Please return only the lines from the one showing "- Une ligne" to the end of the entries, keeping both ends and dropping every picture.

Data extracted from a collection:
---

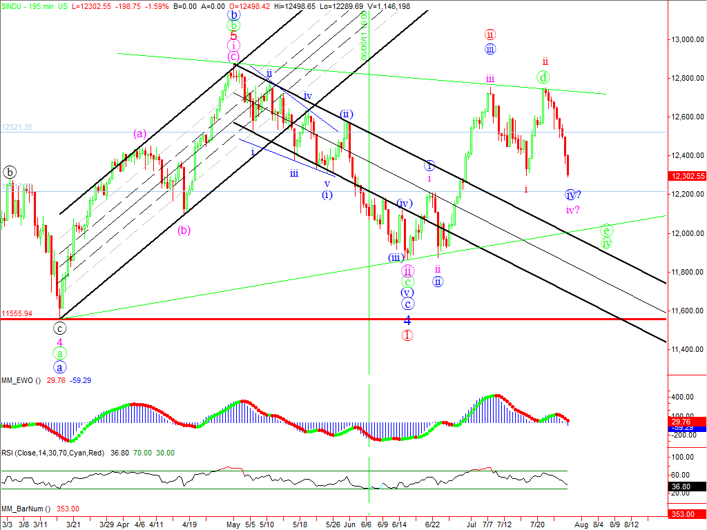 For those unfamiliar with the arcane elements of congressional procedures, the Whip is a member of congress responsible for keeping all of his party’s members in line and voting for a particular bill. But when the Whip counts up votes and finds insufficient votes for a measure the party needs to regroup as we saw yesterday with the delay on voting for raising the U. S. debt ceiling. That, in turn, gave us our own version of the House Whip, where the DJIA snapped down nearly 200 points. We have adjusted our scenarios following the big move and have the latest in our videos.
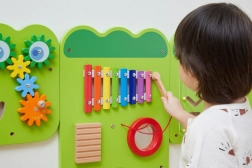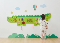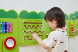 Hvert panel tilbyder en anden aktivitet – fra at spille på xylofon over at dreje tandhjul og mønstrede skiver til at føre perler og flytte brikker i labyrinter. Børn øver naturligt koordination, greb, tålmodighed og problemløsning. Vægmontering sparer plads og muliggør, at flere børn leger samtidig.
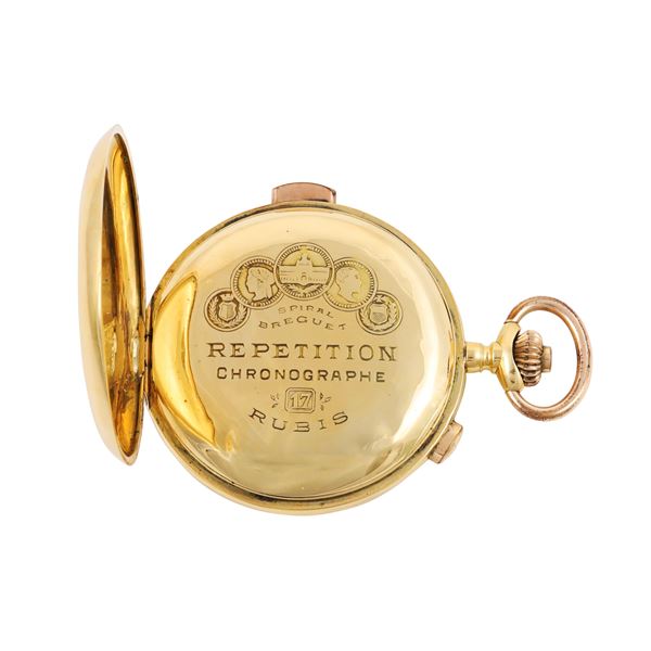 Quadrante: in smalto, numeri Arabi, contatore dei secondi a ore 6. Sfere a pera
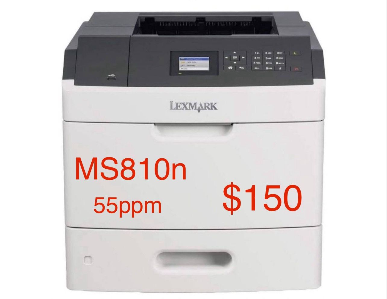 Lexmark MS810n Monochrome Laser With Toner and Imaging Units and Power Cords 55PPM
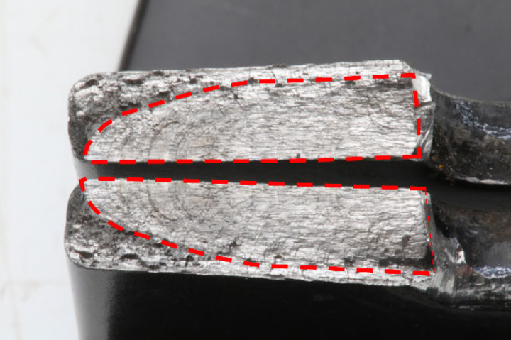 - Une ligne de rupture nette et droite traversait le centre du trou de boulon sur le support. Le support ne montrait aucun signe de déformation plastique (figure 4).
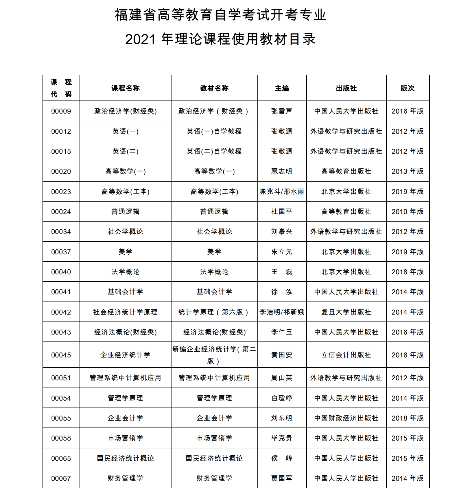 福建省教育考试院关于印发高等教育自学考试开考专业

---

[WRITTEN RESPONSE]:
 - Une ligne de rupture nette et droite traversait le centre du trou de boulon sur le support. Le support ne montrait aucun signe de déformation plastique (figure 4).
 福建省教育考试院关于印发高等教育自学考试开考专业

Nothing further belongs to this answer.